"Die große Orientierungslosigkeit nach der Schule" war Thema des diesjährigen Forums schule@hochschule. „Die große Orientierungslosigkeit nach der Schule“ war Thema beim diesjährigen „Forum schule@hochschule“ in Gießen. Zu dem Programm hatten die Zentralen Studienberatungsstellen der TH Mittelhessen und der Justus-Liebig-Universität Gießen in Kooperation mit dem Netzwerk „voneinander lernen“ eingeladen. Gefördert wird das Veranstaltungsformat durch das Bundesministerium für Bildung und Forschung.

Von Gymnasien und Fachoberschulen aus Mittelhessen, der Wetterau und dem Vogelsbergkreis kamen 25 Lehrerinnen und Lehrer an die JLU, um sich mit Studienberaterinnen und Studienberatern über die Problematik des Übergangs von der Schule zur Hochschule auszutauschen. Beim aktuellen Treffen stand das Buch „Wozu nach den Sternen greifen, wenn man auch chillen kann?“ im Mittelpunkt des Interesses. Dessen Autorin Ulrike Bartholomäus berichtete dem Auditorium mit Fallbeispielen über ihre Recherchen, die eine ausgeprägte Orientierungslosigkeit bei Jugendlichen und jungen Erwachsenen nach der Schulzeit aufgezeigt haben.

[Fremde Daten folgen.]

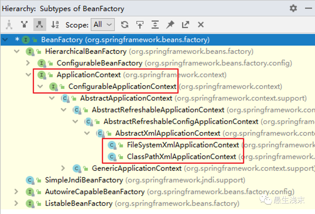 | ConfigurableApplicationContext | ApplicationContext 的子接口,包含一些扩展方法refresh() 和 close() ,让 ApplicationContext 具有启动、关闭和刷新上下文的能力。 |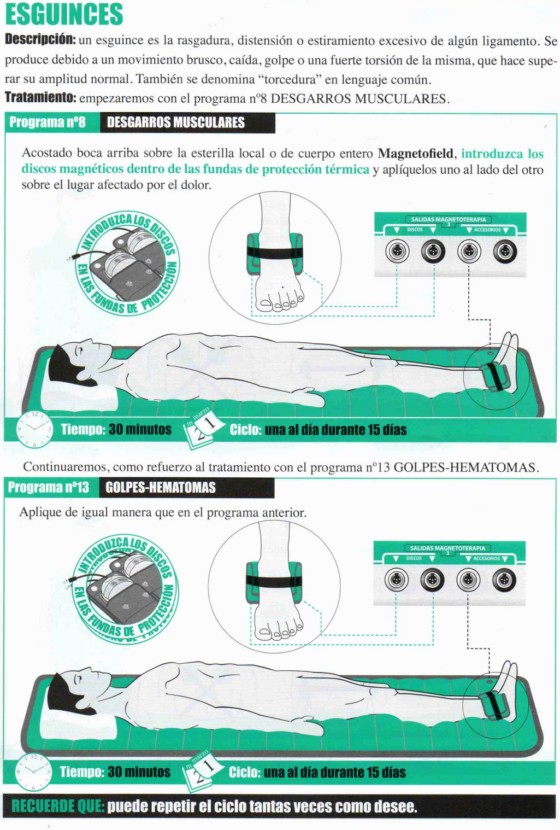 La Terapia con Magnetofield actúa sobre dolores articulares y musculares con rápido alivio del dolor; sobre el agotamiento físico, aumentando la energía vital y ayuda al organismo a regenerarse, estimulando la capacidad reparadora del tejido lesionado. Los deportistas de élite la están usando por ser un complemento efectivo natural, ya que no intoxica al organismo, a diferencia de las terapias farmacológicas.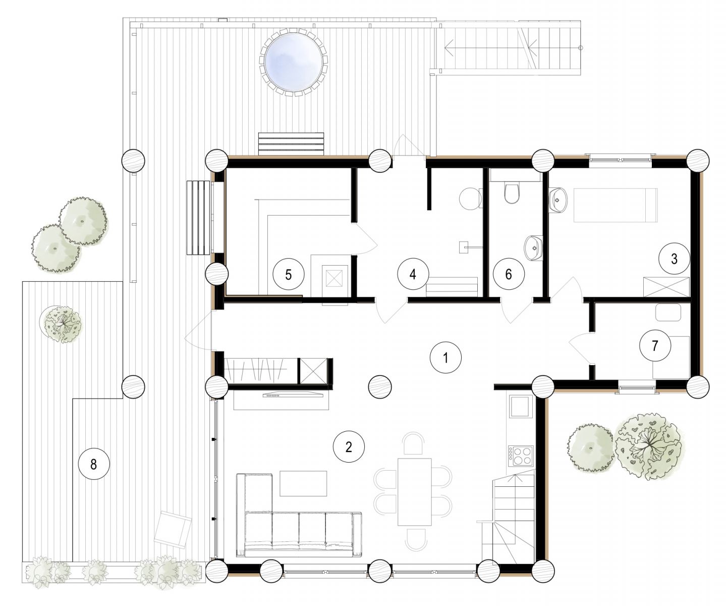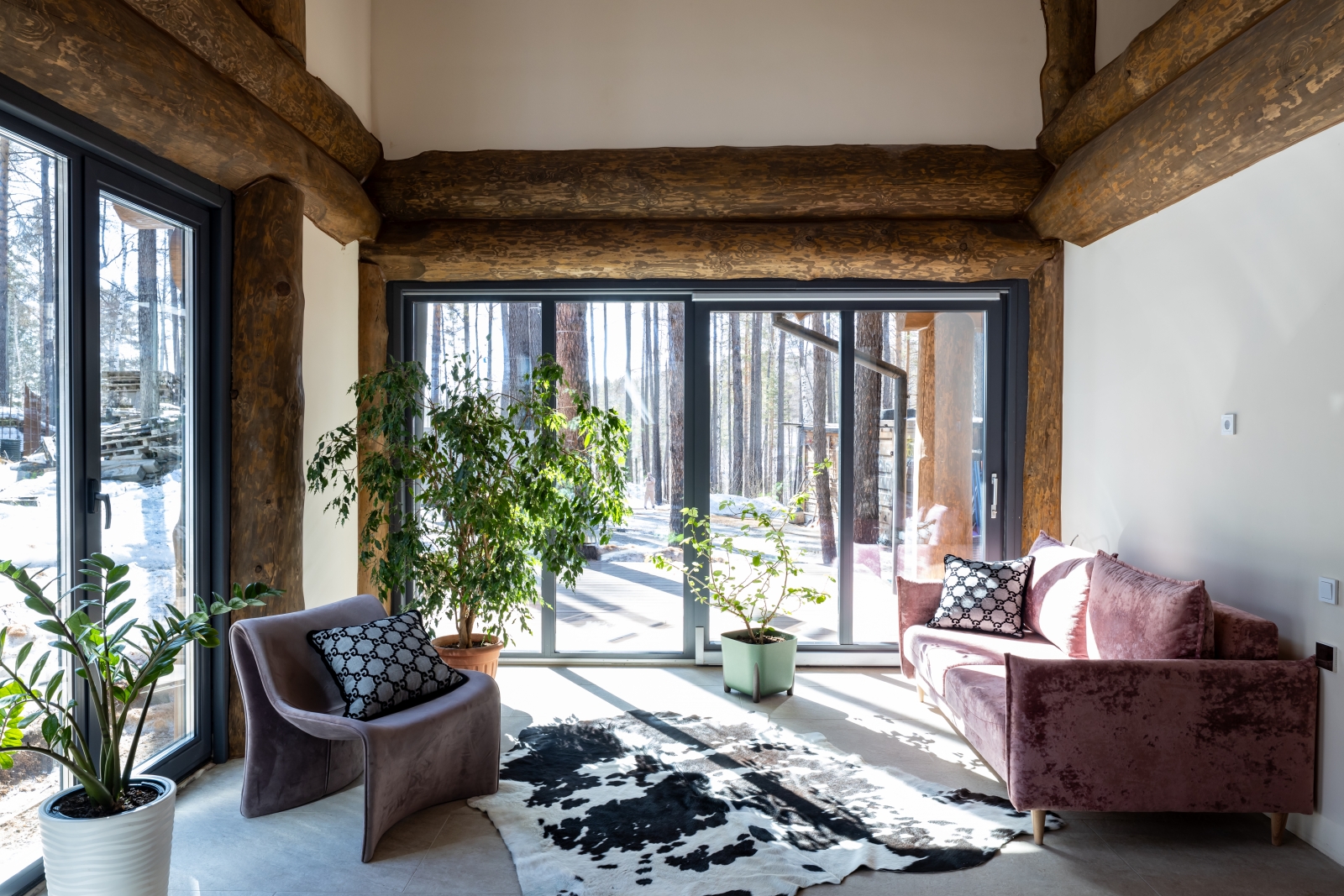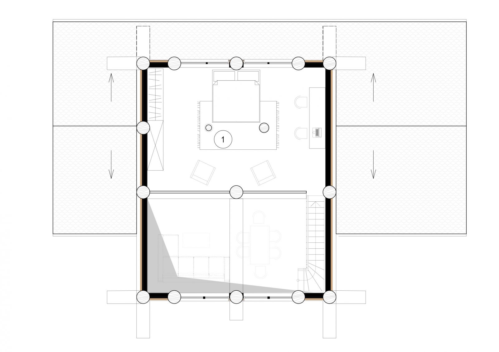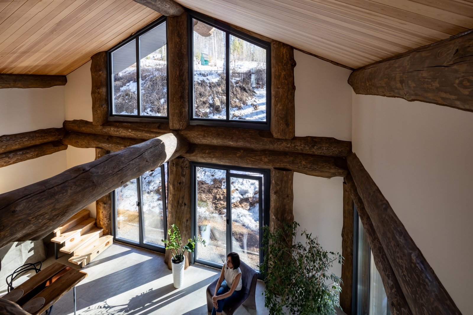Реализация гостевого дома, который является частью усадьбы с "ТРОГАТЕЛЬНЫМ ДОМОМ С БРУТАЛЬНЫМ ХАРАКТЕРОМ" Технология Post&Beam (стоечно-балочная) из бревна диаметром 50-60 см.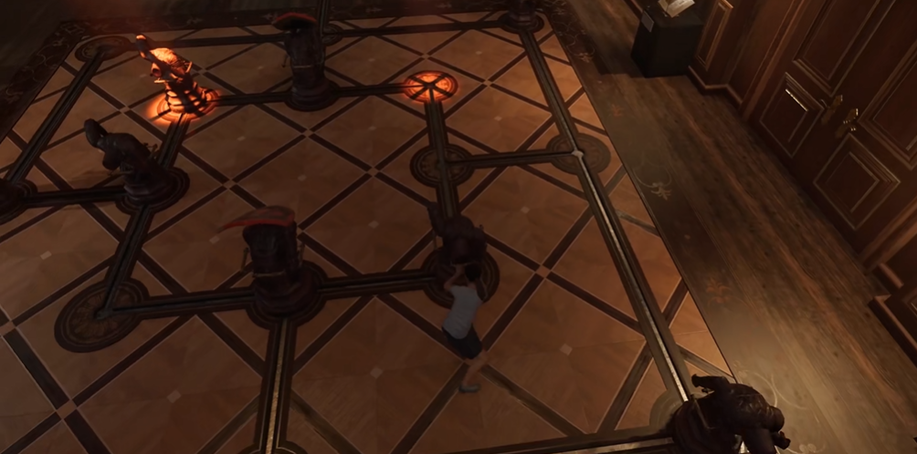 要解开小劳拉的谜题,关键在于将两个带盾牌的棋子移到正对马的位置,让光线反射到正确的地方,其余的棋子位置可以随意摆放。这个谜题发生在克劳馥庄园的一次童年回忆中,小劳拉为了探索禁忌古墓而展开行动。进入关卡后,你需要先跟随提示,从右侧的花架向上爬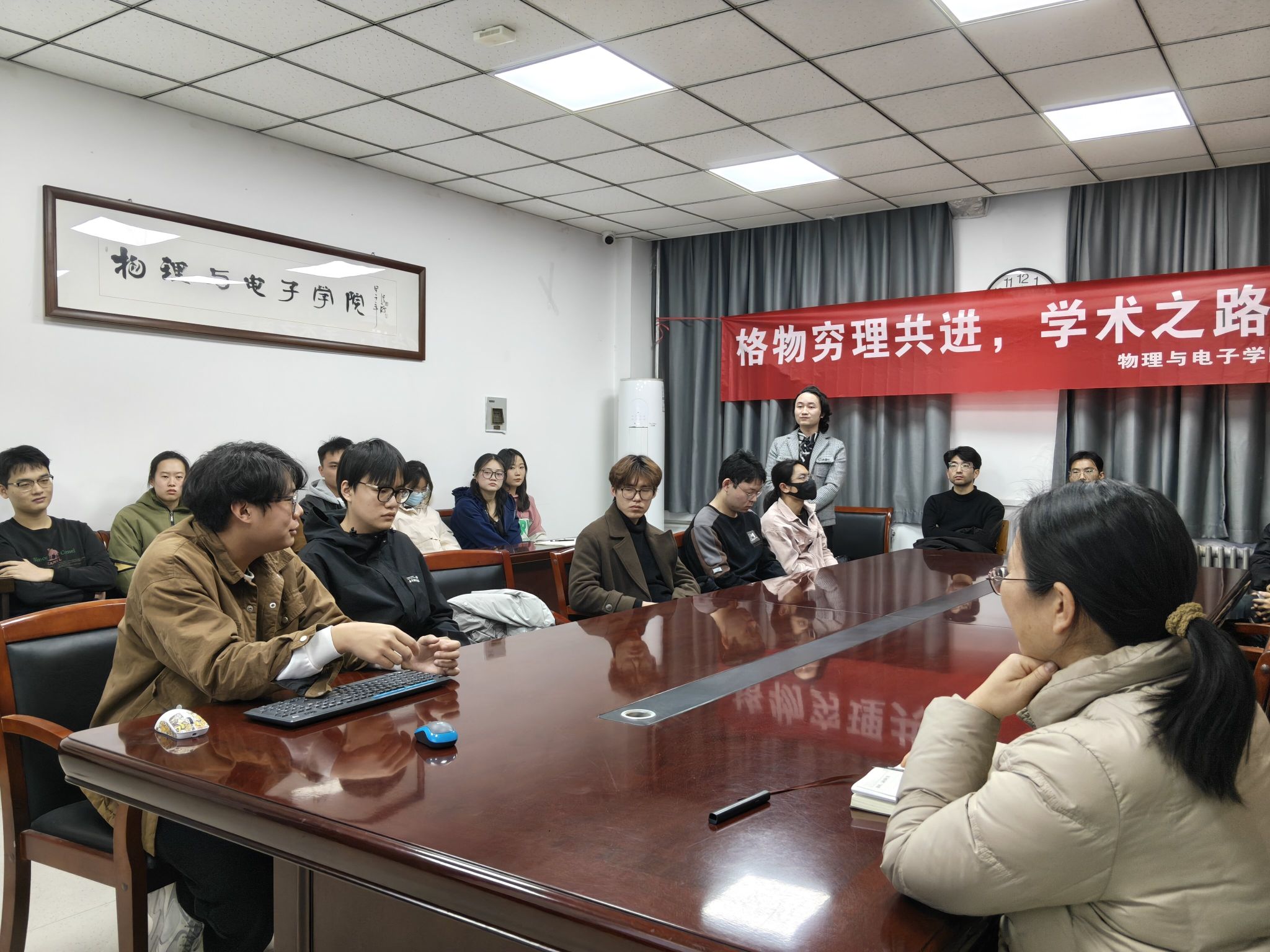 于物理楼A311举办2025年“学术之路”系列讲座——“格物穷理共进,学术之路同行”第二期学术分享交流会,邀请国家奖学金获得者陈禹豪做经验分享,研究生辅导员王翠苹主持会议。

In der anschließenden Diskussion schilderten die Teilnehmerinnen und Teilnehmer eigene Eindrücke aus ihrem Schul- und Beratungsalltag. Sie stimmten darin überein, dass es eine gemeinsame Aufgabe sei, jungen Leuten substanzielle Unterstützung zu bieten, wenn sie vor der Frage stehen, wie sie ihren individuellen Qualifikationsweg fortsetzen sollen.